Wyatt.Skye

Skye Wyatt

In December 2011 we told you about the case of Skye Wyatt, who was 16 when her softball coaches at Kilgore High School in East Texas outed her as a lesbian to her mother in 2009.

It seems the coaches, Rhonda Fletcher and Cassandra Newell, had discovered that Wyatt was dating an 18-year-old named Hillary Nutt. The coaches believed Wyatt had started a rumor that Nutt was Newell’s ex-girlfriend and that the coach herself was gay. So they proceeded to lock Wyatt in a locker room, where they allegedly threatened and interrogated her, before kicking her off the team and outing her to her mom.

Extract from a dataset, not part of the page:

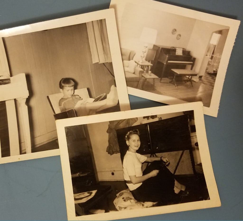 Soon, the piano was finished and somehow put together. The living room was neat and now a somewhat glamourous room with hardwood floors and the little Ethan Allen combo with the barrel made to hold magazines- a stagecoach picture above. The elegant piano now sat in front of draped mint green chiffon which Geraldine had dyed with Ritz- She played Paderewski, Debussy, Boogie Woogy and hymns galore while the Daddy smiled.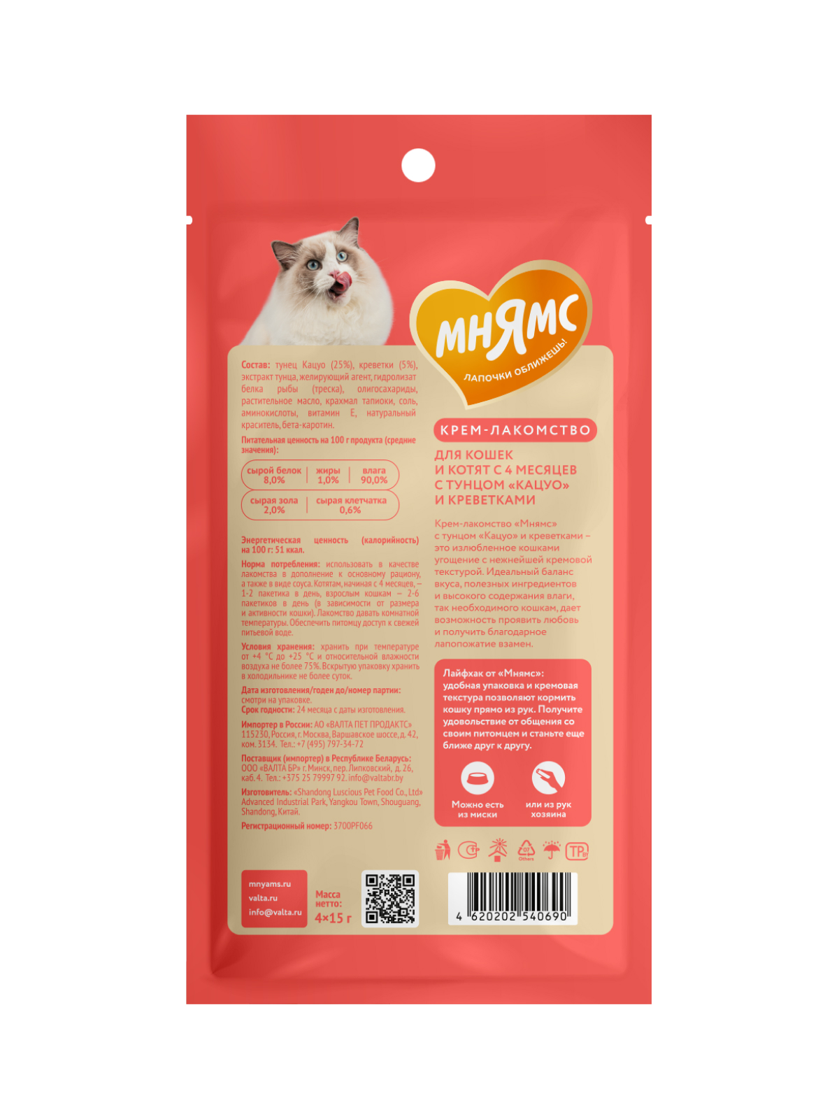 Крем-лакомство «Мнямс» с тунцом Кацуо и креветками – это излюбленное кошками угощение с нежнейшей кремовой текстурой. Идеальный баланс вкуса, полезных ингредиентов и высокого содержания влаги, так необходимого кошкам, дает возможность проявить любовь и получить благодарное лапопожатие взамен.

Wyatt and her mother, Barbara, filed a federal lawsuit against Kilgore ISD and the coaches accusing them of violating Skye’s privacy. A federal district judge in Tyler ruled in favor of the Wyatts in November 2011, but last Friday, a three-judge panel of the 5th Circuit reversed that decision, according to Courthouse News.

“There is no clearly established law holding that a student in a public secondary school has a privacy right under the Fourteenth Amendment that precludes school officials from discussing with a parent the student’s private matters, including matters relating to sexual activity of the student,” Judge Grady Jolly wrote for the majority.

The Wyatts’ attorney, Wayne Krause of the Austin-based Texas Civil Rights Project, told us the district judge’s ruling marked the first time a court in the 5th Circuit  — which covers Louisiana, Mississippi and Texas — has identified a constitutional right to privacy for sexual orientation information.

“It’s one thing to say that conduct by LGBT people can’t be criminalized under the Constitution,” Krause said in 2011, referring to the U.S. Supreme Court’s ruling in Lawrence v. Texas, which overturned the state’s sodomy ban. “It’s another to say there’s an explicit constitutional right to have information about sexual orientation be kept confidential.”

It’s unclear whether Krause intends to appeal the 5th Circuit’s decision to the U.S. Supreme Court. But for now, the 5th Circuit’s decision appears to give schools a license to out students as gay to their parents — which, frankly, seems like a horrible idea. As the Wyatts’ original complaint stated: “Discrimination, bullying and the infliction of emotional trauma against students who are gay or believed to be gay is a nationally recognized problem. Defendants’ actions and policies exacerbate this problem and set a very harmful example to students, teachers, and parents in Kilgore ISD.”